How is internal spam due to whitelisting? It is internal and doesn't depend on federation at all. It happens even in centralized systems.

Oh, I thought you were referring to federated spam on other instances polluting the federated timeline, not local spam. That point absolutely doesn't apply locally.

It's not about being "who you say you are", it's about being a good citizen within a community.

How do you tell whether someone will be a good citizen, other than letting them try to be a citizen and seeing how they do?

With private servers where you only let your friends in, approval-by-default makes sense. But for public ones, where you _want_ people you don't know to join, it doesn't.

I don't know how you can get to know someone without letting them do things like post. And why start posting if nobody is going to see it anyway?

Of course, this all depends on what unapproved users are actually allowed to do. @trwnh, what were you thinking of?

it cannot assume its policies are better or infallible

The same thing can be said on policies of nodes you don't own -- in fact, you cannot even know they even have a policy. The only thing you are sure of is that you have your own policy. This is where the "self-trusting" came from -- it's not about if your stuff is better or others' stuff is bad, it's just that your own policy is the only thing you can be sure of.

so any changes to Mastodon will have more impact than changes to other software.

Can you have impact on an implementation of ActivityPub that is malicious by design? ActivityPub isn't rocket science, neither is Mastodon or Pleroma or anything else.

This is about establishing norms, not about technically enforcing an outcome on the entire network.

The problem is where the threats of spamming come from. Norms are norms and norms work only for what it can affect, and in this case it can affect Mastodon and possibly other legitimate implementations of ActivityPub. Even "do not spam" is a norm by itself, but the true threats of spamming is not from Mastodon. I agree that such norm can reduce the amount of spam in the current state, but since we are taking federation into account, we cannot ignore the fact that the protocol itself is even more subject to attacks than Mastodon itself.
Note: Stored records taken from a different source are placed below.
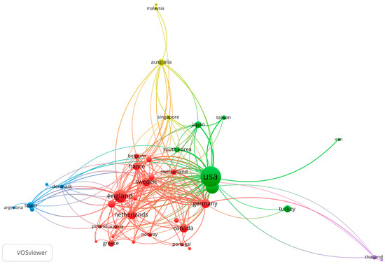 Figure 6 shows a map of co-authorship by country. In this figure, the countries that have at least 10 published papers (41 or 45.55%) are represented. These countries are grouped into five clusters: the red cluster contains 22 countries and is led by England (by number of articles); the green cluster includes 7 countries and is led by the United States; the blue cluster contains 5 countries and is led by Spain; the yellow cluster contains 4 countries and is led by Australia; and the purple cluster contains 2 countries and is led by Thailand. The countries that have collaborated most often are the United States and China, the United States and England, and the United States and Germany.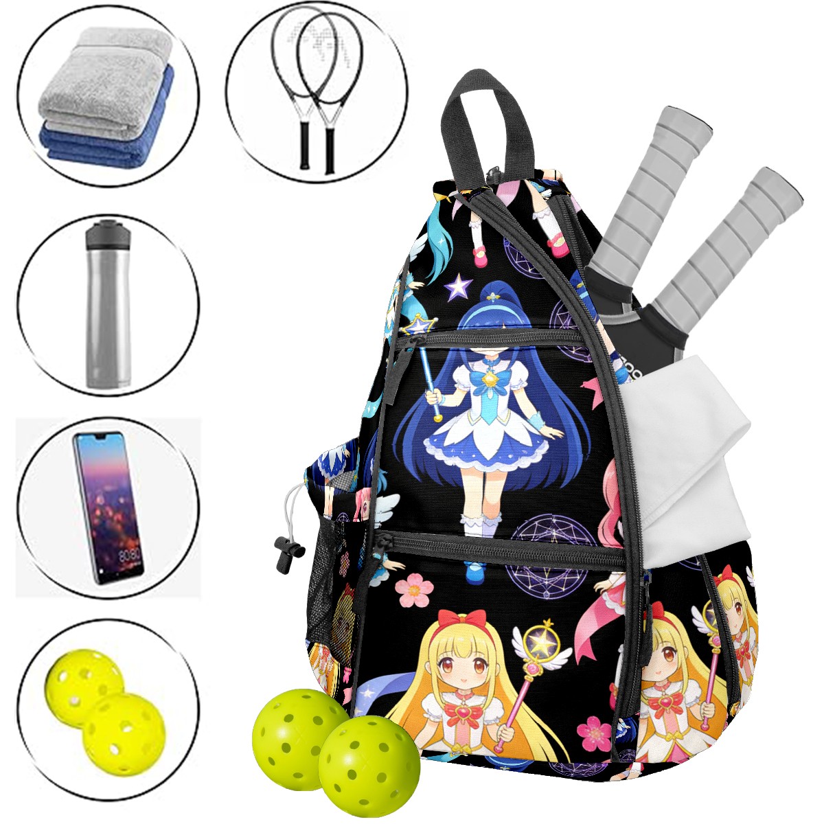 Pickleball Backpack for Women and Men, Adjustable Pickleball Sling Bag for Paddles, Balls & Accessories (生成亚马逊无缝图)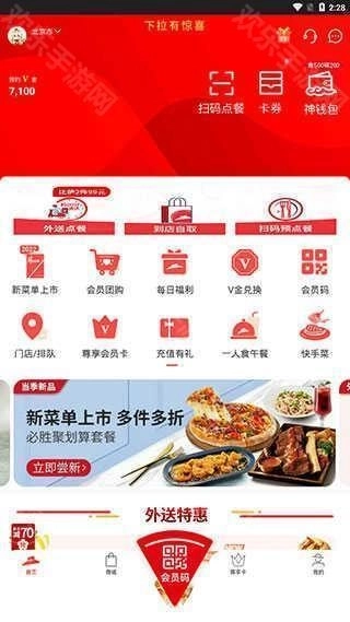 1、打开软件进入【首页】后,我们就能看到新菜单上市、会员团购、每日福利等一些常用的功能入口。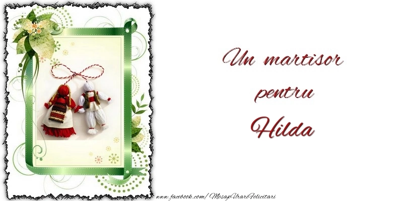 Transformă Mărțișorul într-o experiență personală! Această felicitare de 1 Martie cu mărțișor tradițional în tablou cu flori este gândită și creată cu atenție, iar numele Hilda se îmbină armonios în designul primăvăratic. O urare cu adevărat specială pentru o persoană unică.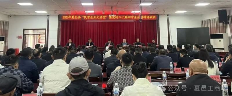 为强化民营经济人士政治引领,推动党的二十届四中全会精神在民营经济领域落地生根,12月23日至24日,夏邑县工商联(总商会)在县委党校五楼会议室成功举办全县民营企业大讲堂暨党的二十届四中全会精神培训班。全县各领域民营企业代表、商会负责人等100余人参加培训。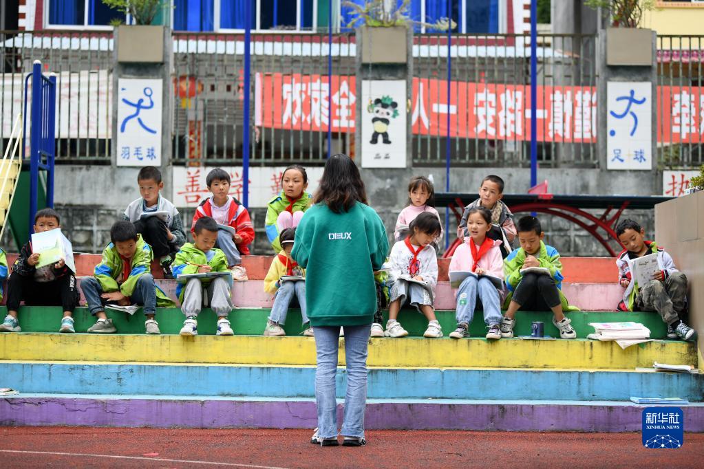 9月7日,在石棉縣草科鄉中心小學操場上,老師在給三年級學生上課。

My concern is that while it is possible that this change can reduce the spam within Mastodon, nothing can be done on the federation protocol itself, and soon it is almost certain (as long as the fediverse grows at the current rate) the protocol itself will become the new target. In this case, we still end up with whilelists, though now it's whitelist-by-implementation, and I'm not sure whether this is better than the email or XMPP case. I'm not even sure such whitelist-by-implementation would even work, considering that changing user-agent is also a normal technique used by spammers these days. We may still end up with the same whilelists anyway.

It seems like the conversation is looping back to stuff addressed in the OP:

this all depends on what unapproved users are actually allowed to do.

Again, the proposal being made in this issue is to make improvements to default policy and onboarding. Unapproved users currently can do nothing; I am saying that they should be able to perform certain actions in a limited context so that they can better establish good-faith. And that, if enough improvements are made to the currently-very-lacking "require manual approval" mode, it can then be used with less qualms, and perhaps even set as the default policy, which would make the overall ecosystem less susceptible to spam -- effectively, servers with open and unapproved registrations are unhardened, because there is no access control at all. You can try to implement all sorts of imperfect technological barriers, but they will not be as simple or as effective as having a human look at a profile for 2 seconds. Deriving context is simply something that humans are much better at doing than machines. And, again,

soon it is almost certain (as long as the fediverse grows at the current rate)


@PeterCxy:

n this case, we still end up with whilelists, though now it's whitelist-by-implementation, and I'm not sure whether this is better than the email or XMPP case.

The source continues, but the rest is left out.